When the Sino-U.S. trade war was opened and the U.S. took Nashua to the knife for the Zhongxing, we finally discovered that at many key technological nodes we were subject to people. End of model innovation has come to an end. The country-to-country competition is not depended on the point of delivery, but ultimately depends on hard technology and hard power! Although we have only started, we are still very weak, but we will eventually grow up.

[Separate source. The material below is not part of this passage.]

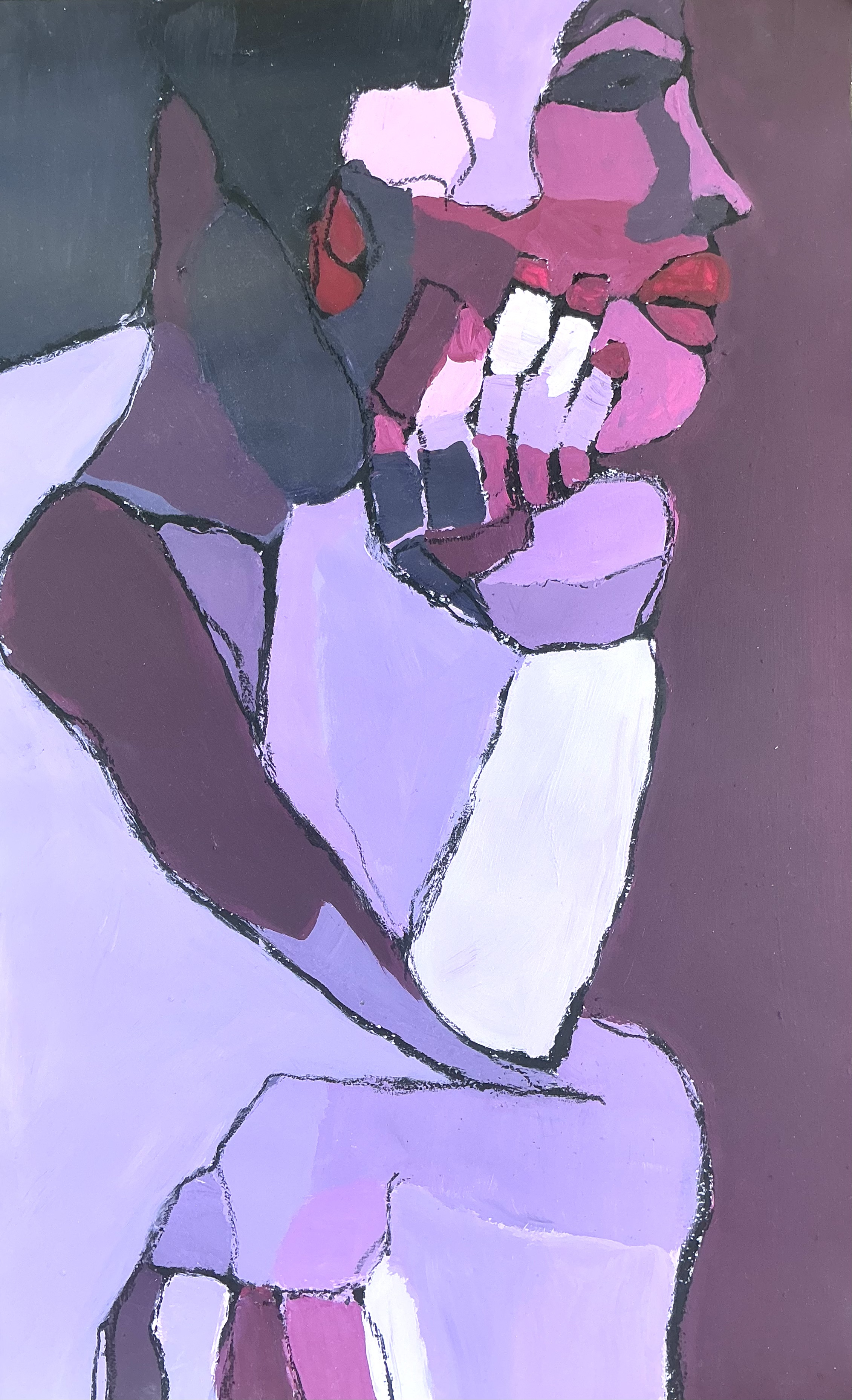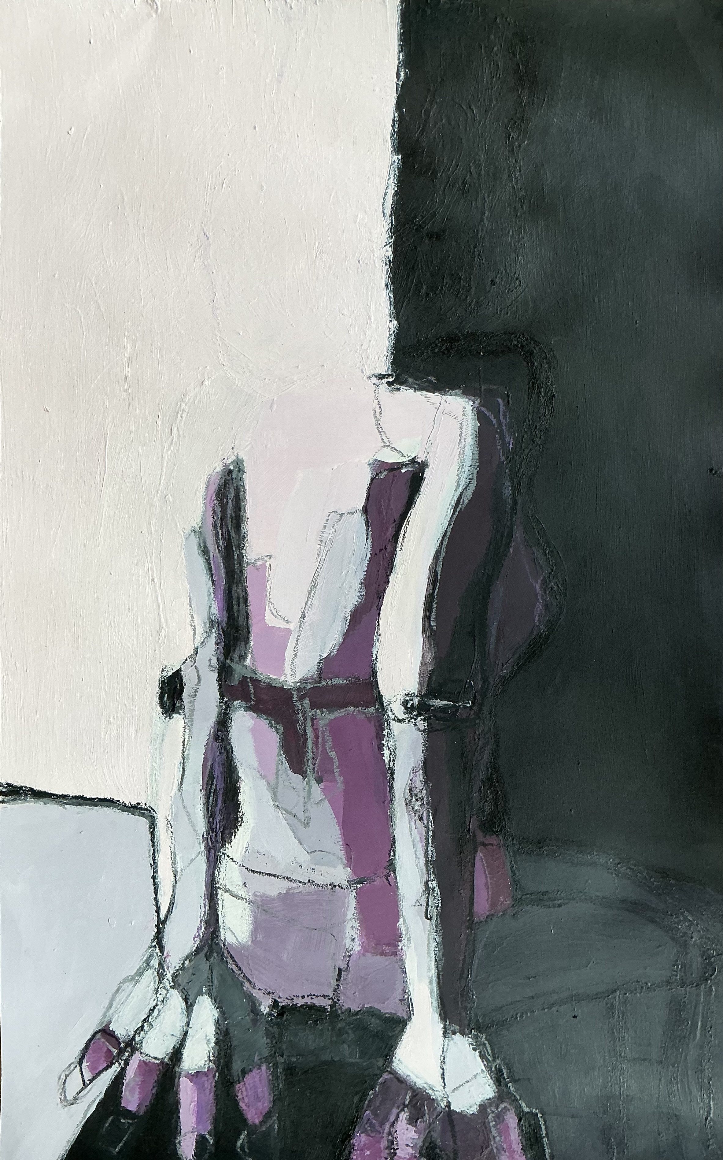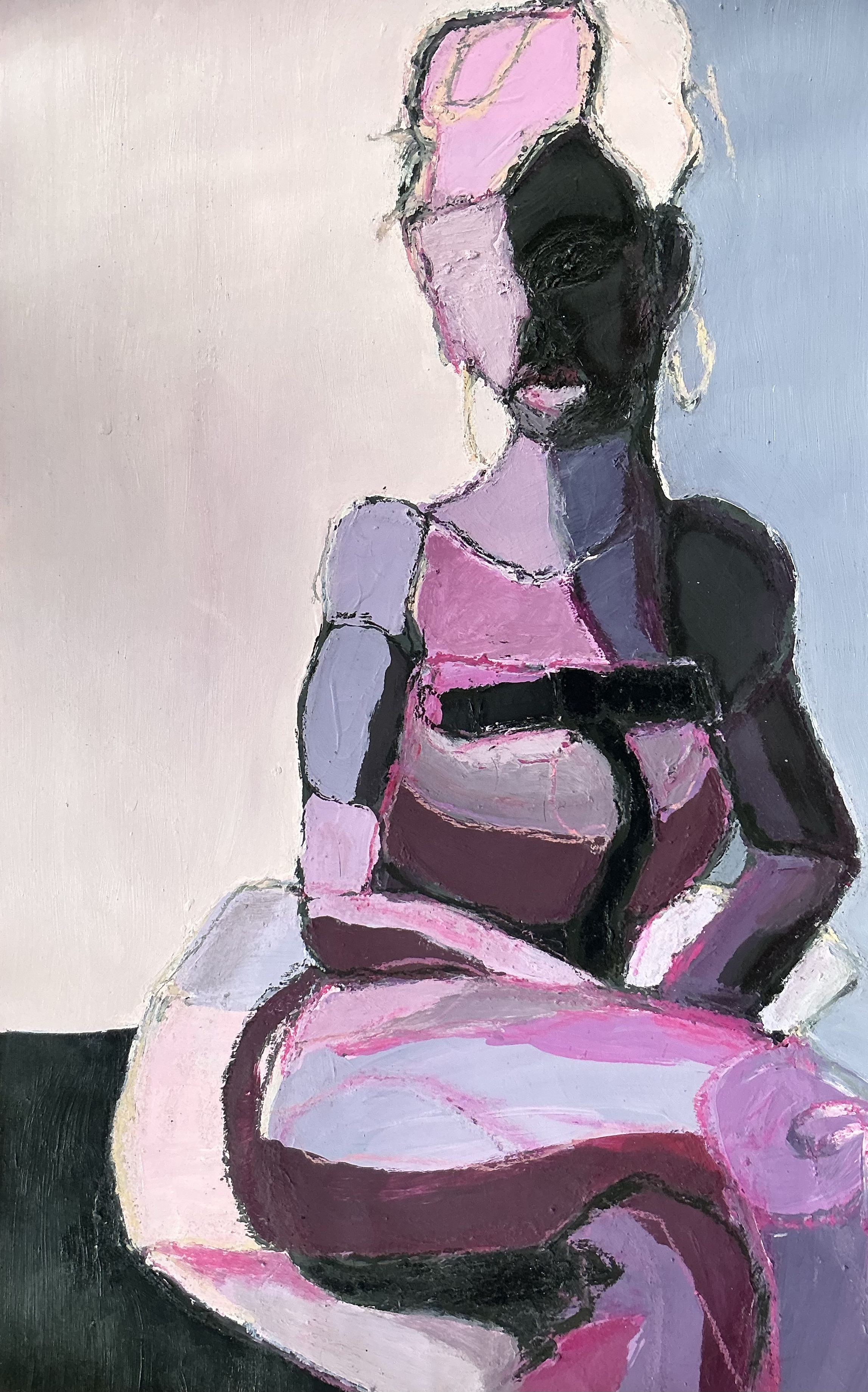 Beautiful. Waiting. Disappointed. Triste. Espalda. Back. Or. Strong. | Oil and oil pastel on paper.

This trade war will also allow some investment institutions to better understand the value, technical value, and team value of companies that truly possess core technological capabilities, not necessarily measured by immediate figures. By relying on delivery, we can never win the future of competition.

LCD Screen

brightness
LCD is a substance between solid and liquid. It can't emit light by itself, so it needs additional light source. Therefore, the number of lamps is related to the brightness of the Liquid Crystal Display. The earliest liquid crystal displays had only two upper and lower tubes, the lowest of the popular type was four lamps, and the high-end one was six lamps. The four-lamp design is divided into three types of placement: one is that there is a lamp on each of the four sides, but the disadvantage is that there will be dark shadows in the middle. The solution is to arrange the four lamps from top to bottom. The last one is the "U"-shaped placement form, which is actually two lamp tubes produced by two lamps in disguise. The six-lamp design actually uses three lamps. The manufacturer bends all three lamps into a "U" shape, and then places them in parallel to achieve the effect of six lamps.

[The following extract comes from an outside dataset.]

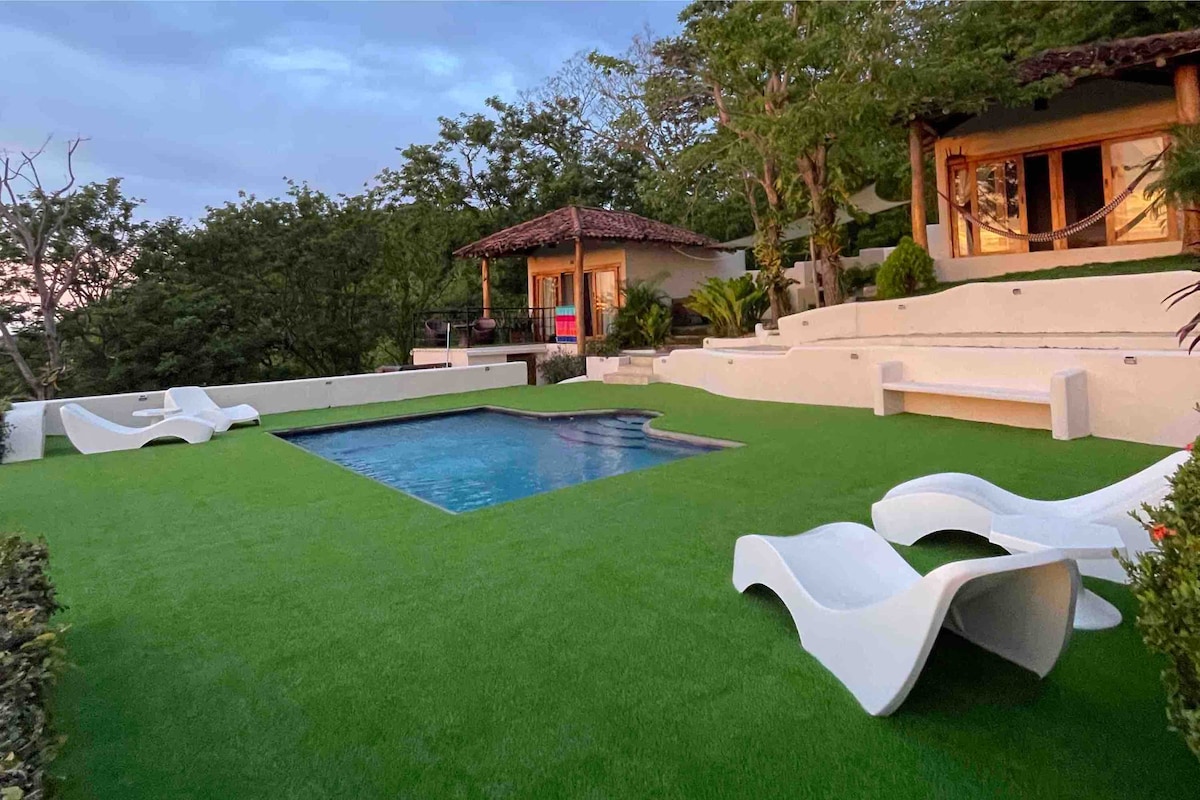 Santa Cruz in San Juan del Sur welcomes you. Wake-up in the morning and enjoy a stuning ocean view over the bay of San Juan del Sur. Take a bath in your private pool surrounded of tropical palms and plants. NEW luxury motorized blinds for full privacy in your own pool house. Just 5 walking minutes from the beach and the City of San Juan del Sur. But Santa Cruz is enough far away from the city to be nestled in your privacy with your private pool. New with ROKU-TV.

Tip: Brightness is also a more important indicator. The brighter the LCD, the brighter the LCD, it will stand out from a row of LCD walls. The highlight technology we often see in CRT (ViewSonic is called highlight, Philips is called display Bright, BenQ is called Rui Cai) is to increase the current of the shadow mask tube to bombard the phosphor to produce a brighter effect. Such a technology is generally traded at the expense of image quality and the life of the display. All use this The products of this kind of technology are all bright in the default state, you always have to press a button to implement, press 3X bright to play the game; press again to turn to 5X bright to watch the video disc, a closer look is blurred, you need to watch The text has to be honestly returned to the normal text mode. This design actually prevents you from frequently highlighting. The principle of LCD display brightness is different from that of CRT. They are realized by the brightness of the backlight tube behind the panel. Therefore, the lamp has to be designed more so that the light will be uniform. In the early days when selling LCDs, it was a great thing to tell others that there were three LCDs. But at that time, Chi Mei CRV came up with a six-lamp technology. In fact, the three tubes were bent into a "U" shape. The so-called six; such a six-lamp design, plus the strong luminescence of the lamp itself, the panel is very bright, such a representative work is represented by VA712 in ViewSonic; but all bright panels will have a fatal injury , The screen will leak light, this term is rarely mentioned by ordinary people, the editor personally thinks it is very important, light leakage means that under a completely black screen, the liquid crystal is not black, but whitish and gray. Therefore, a good LCD should not emphasize brightness blindly, but more emphasis on contrast. ViewSonic's VP and VG series are products that do not emphasize brightness but contrast!